[Entries taken from a collection]
┏━━
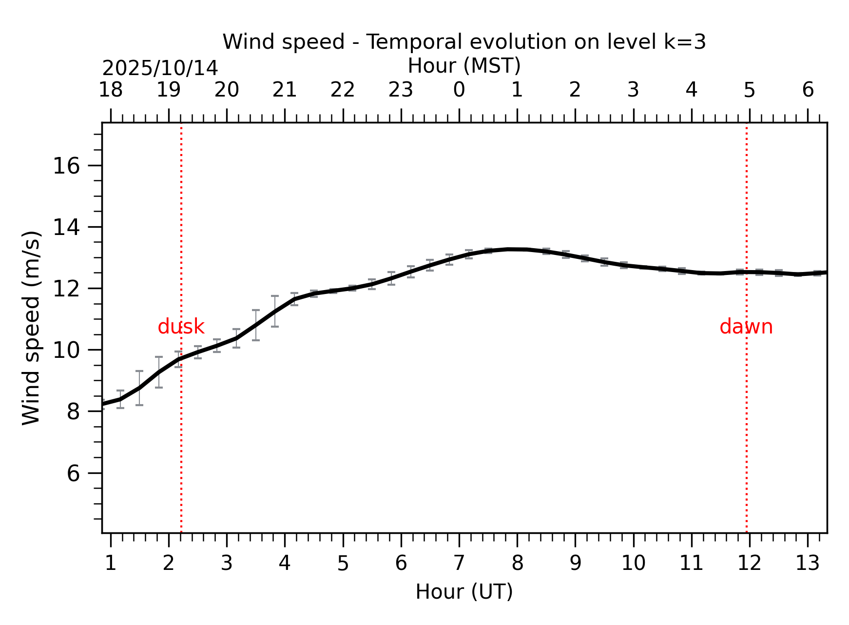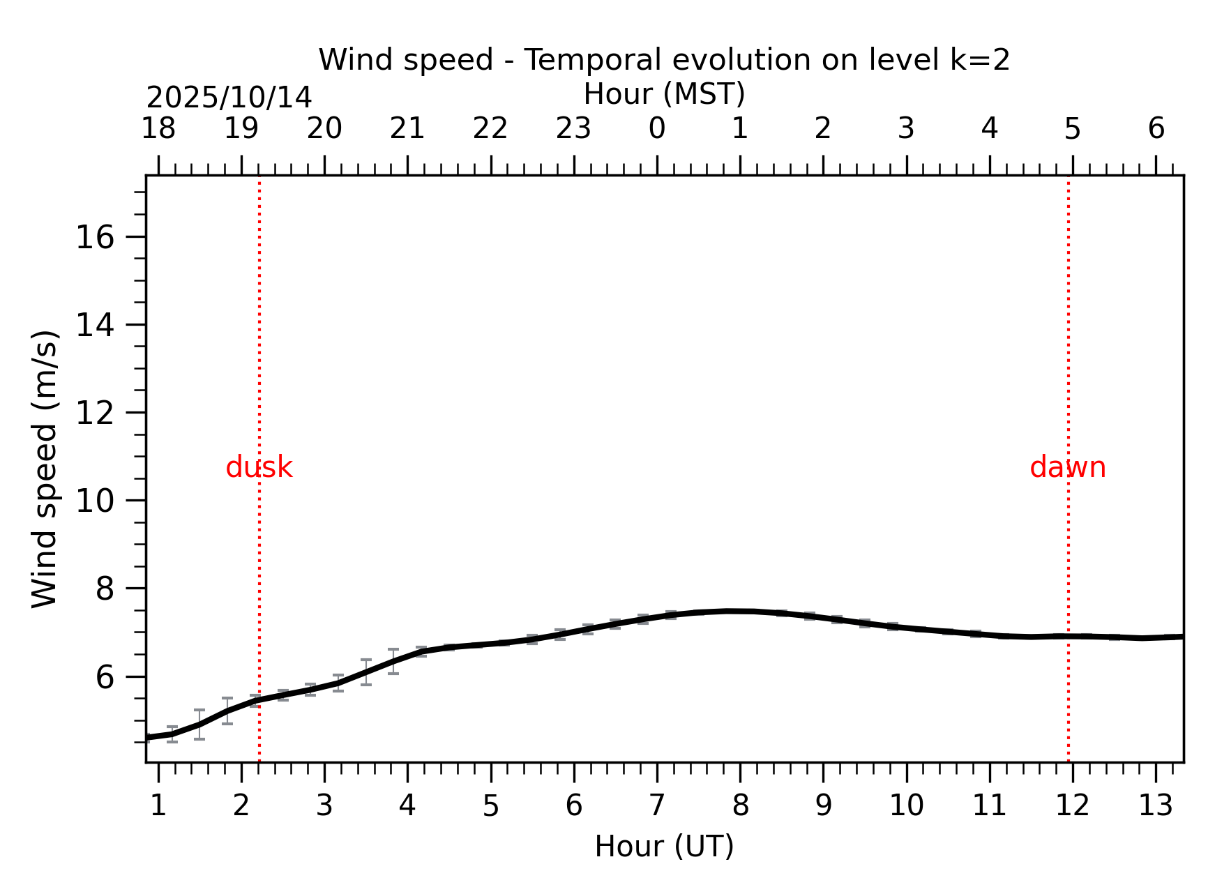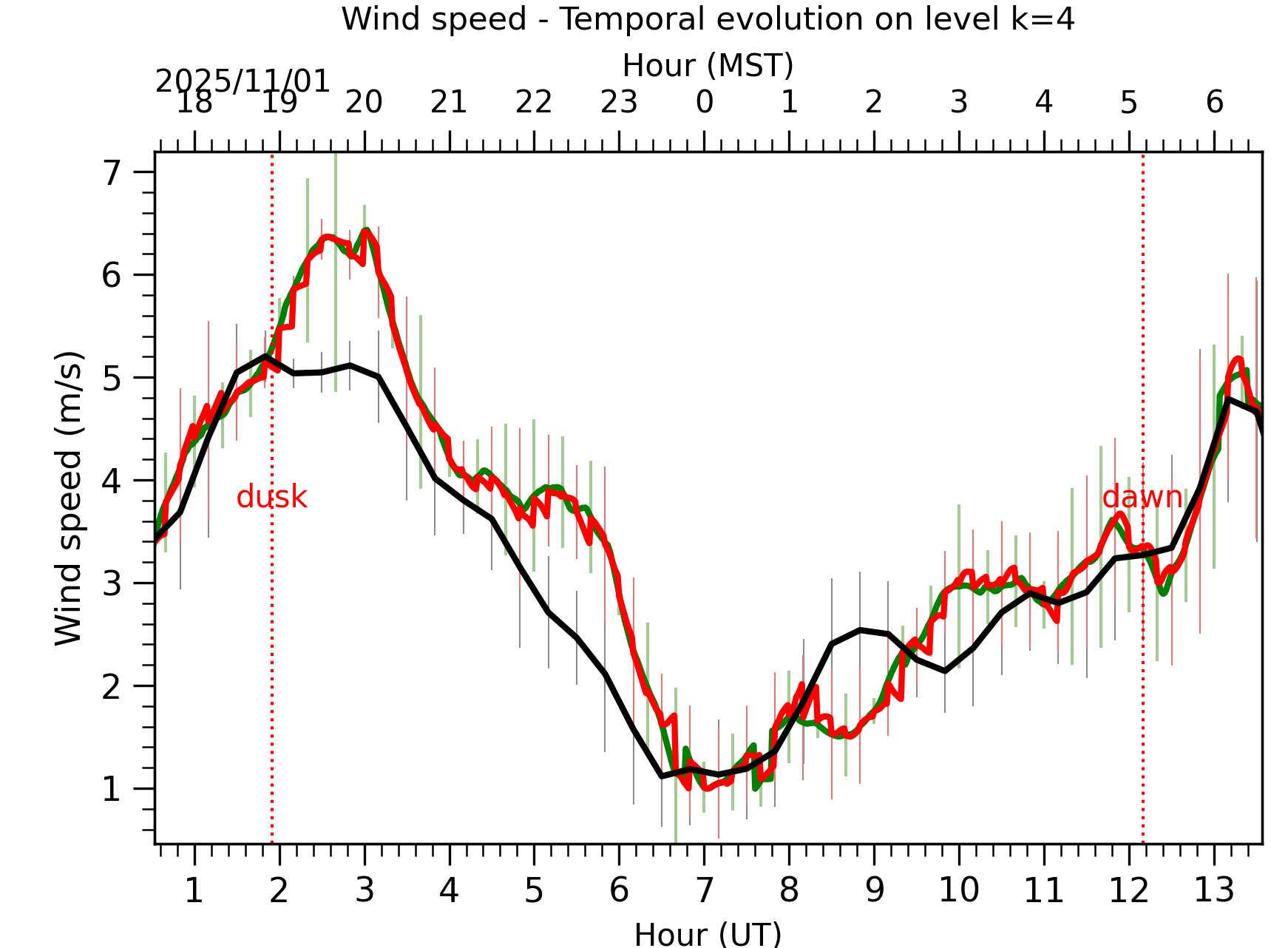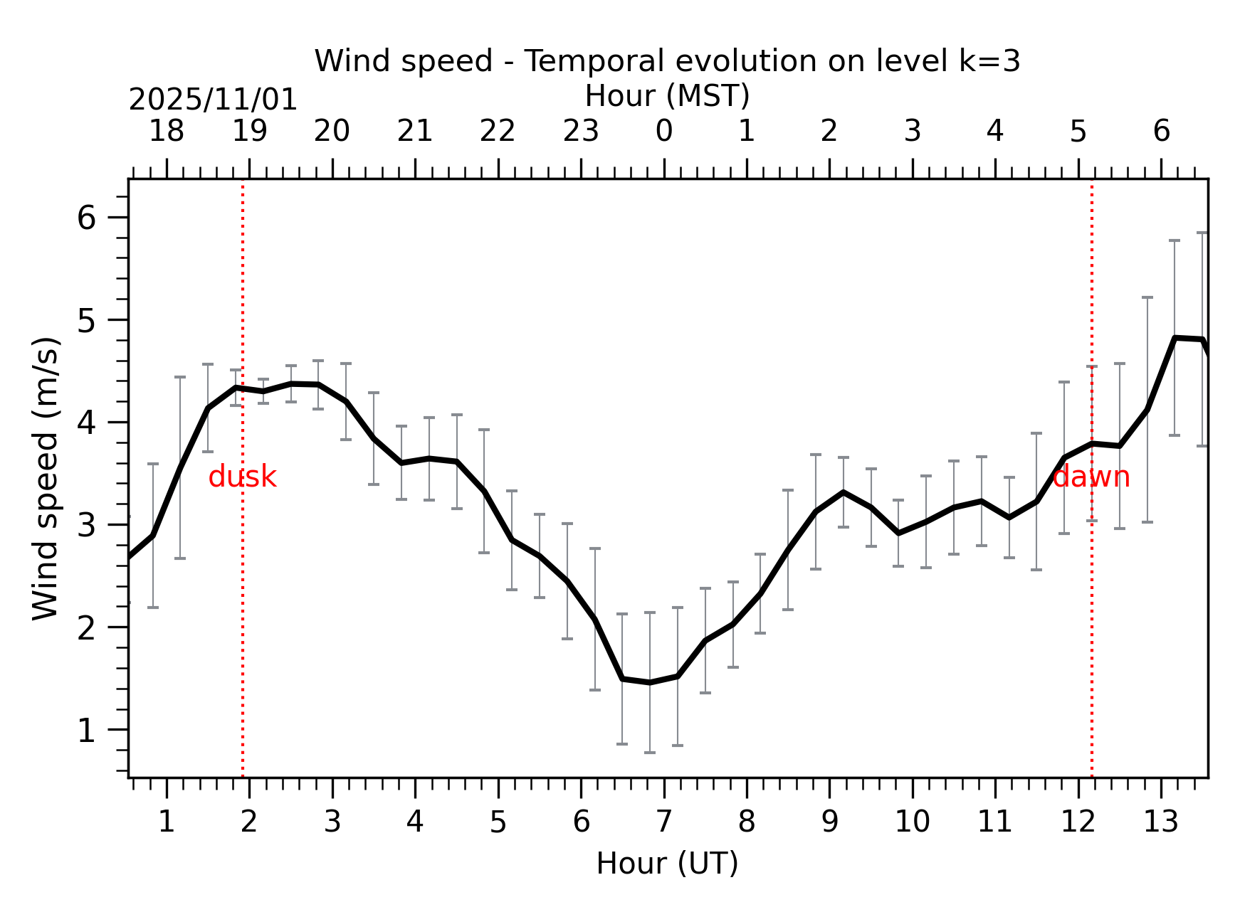 Fig. 1: Wind speed temporal evolution between the sunset and the sunrise at [0-17]m. |
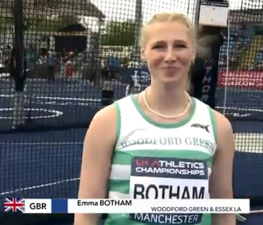 In the women’s discus Danielle Broom, 6th in 43.50, finished just ahead of Emma Botham (42.65). Lucy Marshall narrowly edged out Danielle in the hammer, 56.43 for 7th versus 56.05.
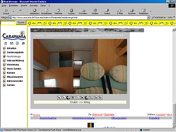 Nachrichten > Wohnmobile, Wohnwagen, Technik und Zubehör | Neuerung bei Online-Fahrzeugpräsentationen Technisch aufgerüstet hat die Caravania GmbH (Dettingen/Teck) ihre Website. Durch interaktive 360-Grad-Panorama-Aufnahmen kann man sich jetzt einen besseren Eindruck vom Inneren der angebotenen Reisemobile machen. (hr)
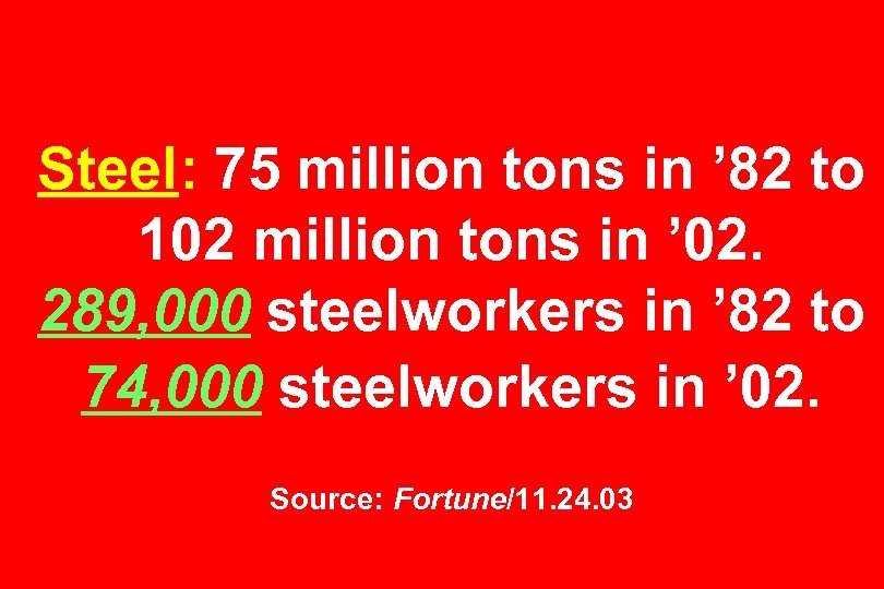 Steel: 75 million tons in ’ 82 to 102 million tons in ’ 02. 289, 000 steelworkers in ’ 82 to 74, 000 steelworkers in ’ 02. Source: Fortune/11. 24. 03
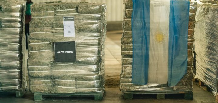 La plataforma Grow Farms concretó el 1er envío de fardos de alfalfa desde Villa Mercedes al mercado ecuestre de Ghana. El paso abre la puerta a futuras ventas en Nigeria.
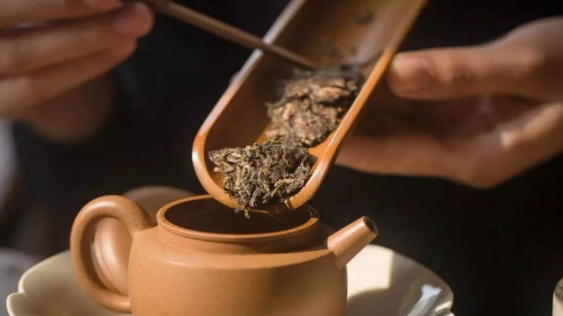 紫砂壶透气性好,保温性佳,适合冲泡普洱熟茶。用水以ph较高的矿泉水为宜,水温宜高不宜低,水温低了茶味会变淡,连续高温的浸泡是继发普洱熟茶陈香的不二法门。
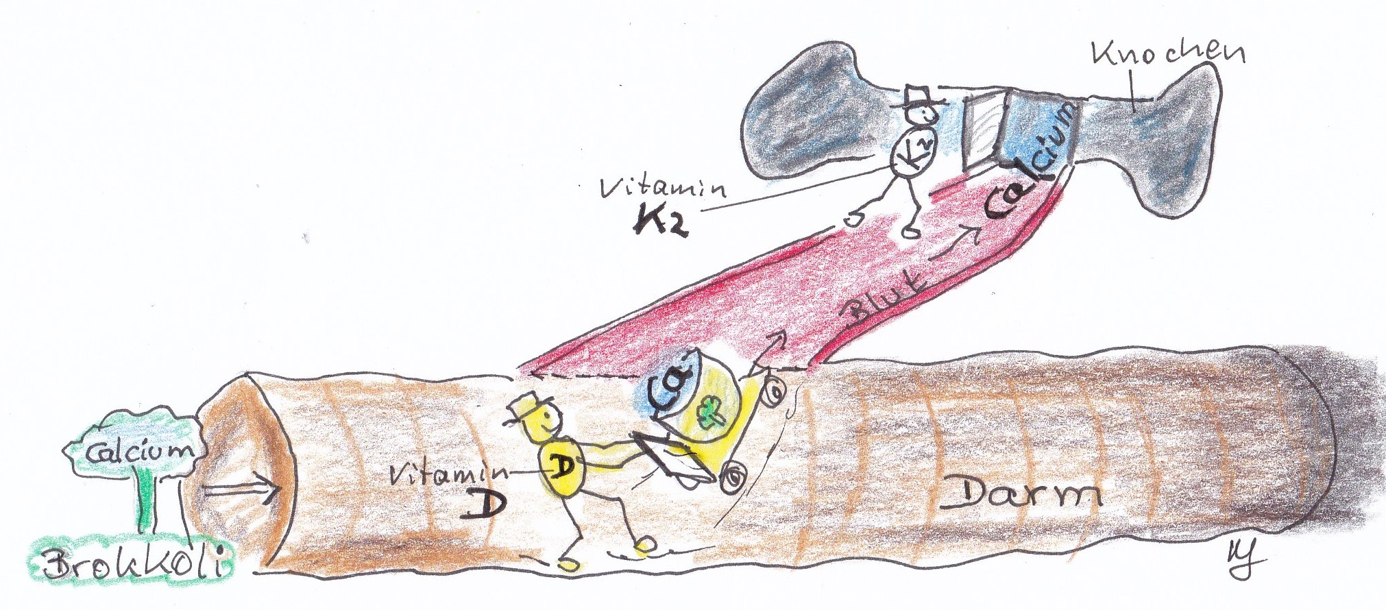 • durch D3 aus dem Darm ins Blut gelangt
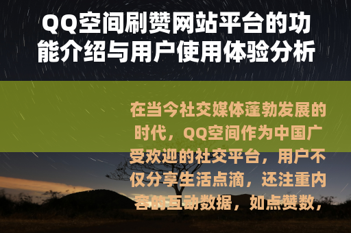 在当今社交媒体蓬勃发展的时代,QQ空间作为中国广受欢迎的社交平台,用户不仅分享生活点滴,还注重内容的互动数据,如点赞数,点赞数往往被视为社交影响力的指标之一,一些用户寻求快速提升点赞数的方法,qq空间刷赞网站平台便在这样的背景下出现,它们通过提供点赞增值服务,帮助用户在短时间内增加点赞量,这些平台通常以在线网站形式存在,用户通过简单操作即可获得服务,从而在社交圈中增强存在感,本文将从功能、使用体验和相关影响等方面,客观介绍这类平台。
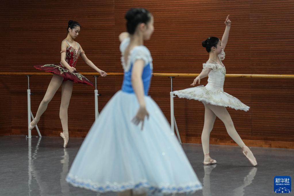 5月30日,遼寧芭蕾舞團附屬芭蕾舞蹈學(xué)校五年級的學(xué)生在上芭蕾課。
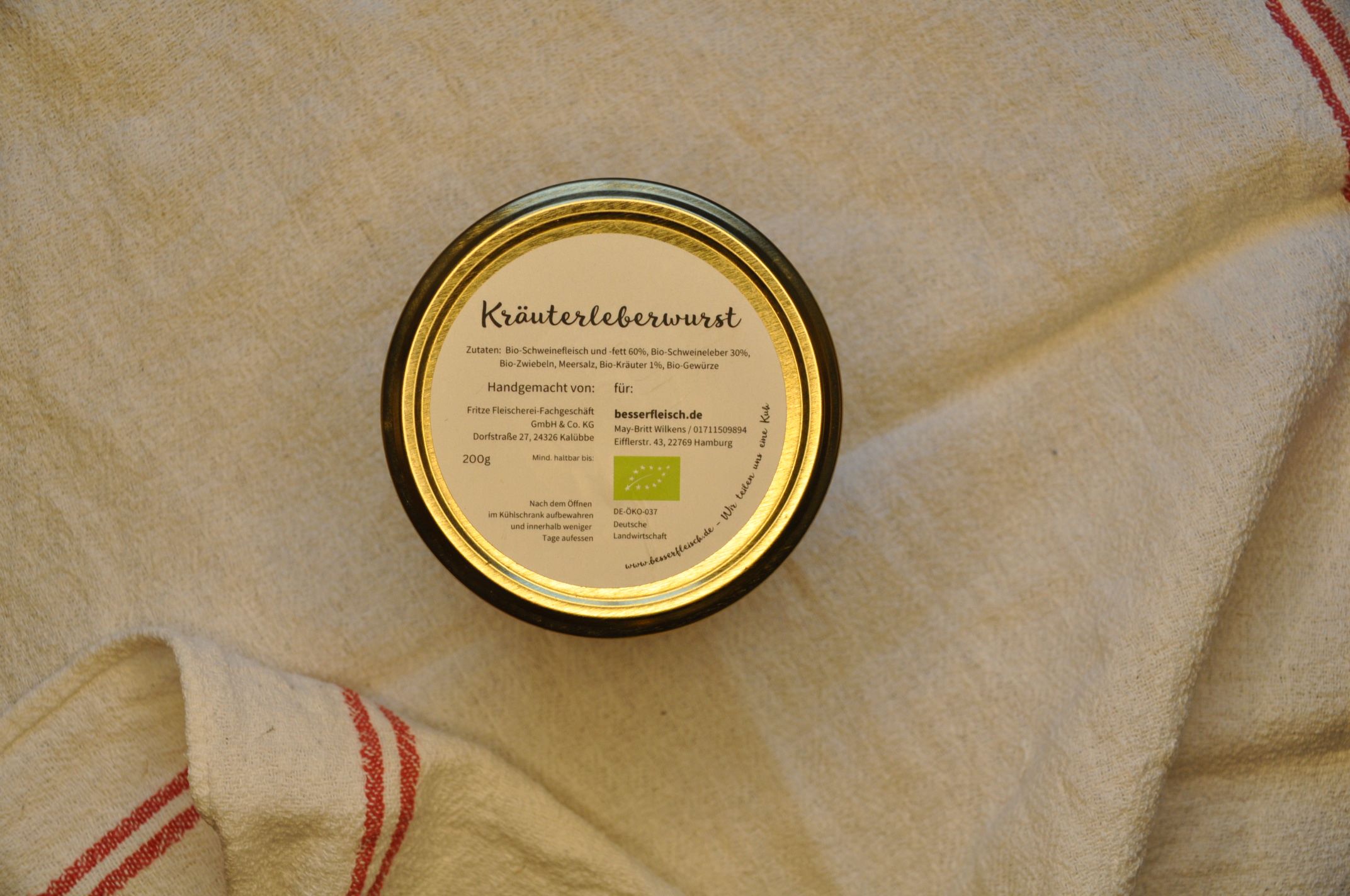 Das Fleisch und die Leber stammt von Bio-Freilandschweinen vom Hof Hansen (365 Tage draußen). Hergestellt wurde die Kräuterleberwurst von unserem Schlachter Fritze.
┗━━
Reproduce exactly, and only, the lines from the one containing "5月30日,遼寧芭蕾舞團附屬" through the last line of the records above, both included, leaving out any pictures.

Answer:
 5月30日,遼寧芭蕾舞團附屬芭蕾舞蹈學(xué)校五年級的學(xué)生在上芭蕾課。
 Das Fleisch und die Leber stammt von Bio-Freilandschweinen vom Hof Hansen (365 Tage draußen). Hergestellt wurde die Kräuterleberwurst von unserem Schlachter Fritze.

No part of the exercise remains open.